Emerging strategies of blood group genotyping for patients with hemoglobinopathies.

作者信息

Belsito A, Magnussen K, Napoli C

机构信息

Department of Internal Medicine and Specialistic Units Clinical Immunoematology Immunohematology U.O.C. Immunohematology, Transfusion Medicine and Organ Transplant Immunology (SIMT), Regional Reference Laboratory of Transplant Immunology (LIT), Department of Internal Medicine and Specialist Units, Azienda Universitaria Policlinico (AOU), Second University of Naples (SUN), Naples, Italy.

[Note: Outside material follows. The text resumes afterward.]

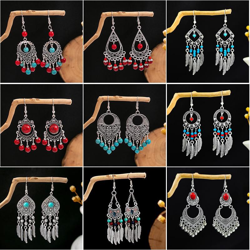 Ретро Этнические Богемные Серьги с Бирюзовой Кисточкой для Женщин

Department of Clinical Immunology, Copenhagen University Hospital, Rigshospitalet, Copenhagen, Denmark.

出版信息

Transfus Apher Sci. 2017 Apr;56(2):206-213. doi: 10.1016/j.transci.2016.11.007. Epub 2016 Dec 9.

Abstract

Red cell alloimmunization is a serious problem in chronically transfused patients. A number of high-throughput DNA assays have been developed to extend or replace traditional serologic antigen typing. DNA-based typing methods may be easily automated and multiplexed, and provide reliable information on a patient. Molecular genotyping promises to become cheaper, being not dependent on serologic immunoglobulin reagents. Patients with hemoglobinopathies could benefit from receiving extended genomic typing. This could limit post transfusional complications depending on subtle antigenic differences between donors and patients. Patient/donor compatibility extended beyond the phenotype Rh/Kell may allows improved survival of transfused units of red blood cells (RBC) and lead to reduced need for blood transfusion and leading to less iron overload and reduced risk of alloimmunization. Here we discuss the advantages and limitations of current techniques, that detect only predefined genetic variants. In contrast, target enrichment next-generation sequencing (NGS) has been used to detect both known and de novo genetic polymorphisms, including single-nucleotide polymorphisms, indels (insertions/deletions), and structural variations. NGS approaches can be used to develop an extended blood group genotyping assay system.

摘要

红细胞同种免疫是长期输血患者面临的一个严重问题。已经开发了许多高通量DNA检测方法来扩展或取代传统的血清学抗原分型。基于DNA的分型方法易于自动化和多重化,并能提供关于患者的可靠信息。分子基因分型有望变得更便宜,因为它不依赖血清学免疫球蛋白试剂。血红蛋白病患者可能会从接受扩展的基因组分型中受益。这可以根据供体和患者之间细微的抗原差异来减少输血后并发症。超越Rh/Kell表型的患者/供体相容性可能会提高红细胞(RBC)输注单位的存活率,并减少输血需求,从而减少铁过载和同种免疫风险。在这里,我们讨论了当前仅检测预定义基因变异的技术的优点和局限性。相比之下,靶向富集下一代测序(NGS)已被用于检测已知和新生的基因多态性,包括单核苷酸多态性、插入缺失(插入/缺失)和结构变异。NGS方法可用于开发扩展的血型基因分型检测系统。